An estate in remainder is what remains after a particular estate, either for years or life, to take effect in possession immediately after such estate, and must be created at the same time, though limited to commence in possession at a future time. Thus if a life estate be granted to A, with remainder to B for life, and remainder to 0 in fee, here are two remainders to commence in future, and the whole property constitutes but one estate. Yet in ordinary phraseology, where there is but one remainder including the whole residue of the estate, the fee is said to be in the person to whom such limitation is made. An estate in reversion is the residue of an estate left in the grantor or his heirs or in the heirs of a testator after the determination of a particular estate granted or devised. The estate reverts by operation of law, and a reservation to the grantor by the deed would have no effect, being only what the law itself prescribes. A contingent remainder is when the limitation depends upon a contingency which is uncertain or may not occur till after the determination of the particular estate; though it is held that such contingency must not be a remote possibility, as if the limitation should be to the heirs of a child not yet born.

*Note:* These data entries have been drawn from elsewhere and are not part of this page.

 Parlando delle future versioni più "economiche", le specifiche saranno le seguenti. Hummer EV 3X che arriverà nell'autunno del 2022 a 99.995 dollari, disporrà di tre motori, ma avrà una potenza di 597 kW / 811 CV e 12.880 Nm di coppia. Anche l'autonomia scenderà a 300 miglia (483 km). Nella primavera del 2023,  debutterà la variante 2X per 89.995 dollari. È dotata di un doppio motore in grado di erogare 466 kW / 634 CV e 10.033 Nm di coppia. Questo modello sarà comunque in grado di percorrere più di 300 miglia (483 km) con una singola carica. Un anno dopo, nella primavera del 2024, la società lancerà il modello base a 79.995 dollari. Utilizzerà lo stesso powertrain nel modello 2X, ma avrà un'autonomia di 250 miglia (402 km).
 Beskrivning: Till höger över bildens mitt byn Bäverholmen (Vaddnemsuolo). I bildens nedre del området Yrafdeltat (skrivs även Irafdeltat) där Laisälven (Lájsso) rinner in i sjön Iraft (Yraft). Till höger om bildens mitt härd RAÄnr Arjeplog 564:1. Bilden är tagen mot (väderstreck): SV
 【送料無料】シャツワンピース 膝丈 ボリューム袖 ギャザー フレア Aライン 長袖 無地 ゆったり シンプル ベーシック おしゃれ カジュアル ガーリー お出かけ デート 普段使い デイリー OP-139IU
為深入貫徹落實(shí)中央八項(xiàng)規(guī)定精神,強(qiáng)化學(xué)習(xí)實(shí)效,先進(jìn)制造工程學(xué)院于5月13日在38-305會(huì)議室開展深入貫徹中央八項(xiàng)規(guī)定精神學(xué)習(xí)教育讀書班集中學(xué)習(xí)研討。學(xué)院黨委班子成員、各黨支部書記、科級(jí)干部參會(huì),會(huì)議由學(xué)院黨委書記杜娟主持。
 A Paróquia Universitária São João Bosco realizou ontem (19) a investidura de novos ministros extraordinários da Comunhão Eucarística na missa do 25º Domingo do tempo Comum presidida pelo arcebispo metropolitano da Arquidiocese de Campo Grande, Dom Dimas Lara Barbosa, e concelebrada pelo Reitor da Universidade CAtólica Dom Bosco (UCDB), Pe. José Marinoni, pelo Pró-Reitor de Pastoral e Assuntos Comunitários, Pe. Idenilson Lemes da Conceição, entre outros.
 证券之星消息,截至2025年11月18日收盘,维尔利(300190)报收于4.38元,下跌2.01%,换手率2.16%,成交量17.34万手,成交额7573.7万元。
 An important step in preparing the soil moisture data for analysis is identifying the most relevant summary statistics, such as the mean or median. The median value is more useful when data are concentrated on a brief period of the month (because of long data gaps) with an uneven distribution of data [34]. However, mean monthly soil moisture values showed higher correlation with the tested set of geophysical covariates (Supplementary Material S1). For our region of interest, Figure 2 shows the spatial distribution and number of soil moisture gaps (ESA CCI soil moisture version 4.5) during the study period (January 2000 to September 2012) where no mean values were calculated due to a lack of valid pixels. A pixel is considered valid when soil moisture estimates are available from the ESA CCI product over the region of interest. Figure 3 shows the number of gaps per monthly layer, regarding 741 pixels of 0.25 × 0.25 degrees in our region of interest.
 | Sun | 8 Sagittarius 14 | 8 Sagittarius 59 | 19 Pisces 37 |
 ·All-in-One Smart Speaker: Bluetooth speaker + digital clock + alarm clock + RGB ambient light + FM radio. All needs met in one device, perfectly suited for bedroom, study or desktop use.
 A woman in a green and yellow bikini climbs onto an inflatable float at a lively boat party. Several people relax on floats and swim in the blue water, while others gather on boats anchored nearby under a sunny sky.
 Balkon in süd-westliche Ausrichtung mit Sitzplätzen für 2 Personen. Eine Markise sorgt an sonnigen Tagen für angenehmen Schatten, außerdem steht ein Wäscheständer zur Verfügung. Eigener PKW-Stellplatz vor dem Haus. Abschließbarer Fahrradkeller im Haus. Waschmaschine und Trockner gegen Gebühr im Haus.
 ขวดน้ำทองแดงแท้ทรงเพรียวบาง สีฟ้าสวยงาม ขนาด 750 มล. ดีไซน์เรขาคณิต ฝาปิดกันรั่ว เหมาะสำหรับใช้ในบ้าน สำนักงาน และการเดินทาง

A single illustration of this kind of estate will be sufficient. If a grant be made to A for life, with remainder to the heirs of B, and B should survive A, inasmuch as he cannot have heirs while living, the remainder would fail; but if the limitation be to A and B during their joint lives, with remainder to the survivor, here the remainder will take effect, though it is uncertain as to the person who will have the benefit of it. An executory devise is a disposition of an estate by will which would not be valid if made by deed, as a limitation of a contingent remainder. The distinction is that the remainder must take effect immediately upon the determination of the par-ticular estate or not at all; whereas an executory devise is good without a particular estate to support it. Thus if a devise be made to A, to take effect on his marriage, in this case until such marriage the fee descends to the heir at law, subject to being divested by the performance of the condition. There is still another distinction of estates growing out of the nature of the possession, under which head are classed joint tenancy, tenancy in common, and copar-cenary. The last of these, which is a descent of an inheritance to female heirs, in which case they take an equal interest in the entire estate, but without being subject to the rule which applied to joint tenancy as to the right of the survivor to the whole, does not exist in the United States, at least is not distinguishable from a tenancy in common.

So joint tenancy, the peculiar feature of which is that the whole estate vests in the survivor, has been abolished in this country, except in respect to executors and other trustees and mortgagees, and except also when it is expressly declared in the deed or will creating the estate that it is to be held in joint tenancy. In all other cases, where there is a possession of lands by several persons without any separation into specific parts, it is a tenancy in common; and it is not necessary that they should all hold by the same title, or have an equal interest; it is sufficient if each has an interest, and that it is undivided. Such an interest can be conveyed or devised, the same as property held in severalty, and partition may be compelled by either party on application to a competent court. Various equitable interests in lands will be discussed in the article Trusts. - We have thus far considered estates of a corporeal nature only; but there are also incorporeal estates, such as rents, easements, etc.

But the general principles applicable to the one class will also apply to the other; and whatever there may be peculiar to any particular species of incorporeal estate will be treated under the appropriate head.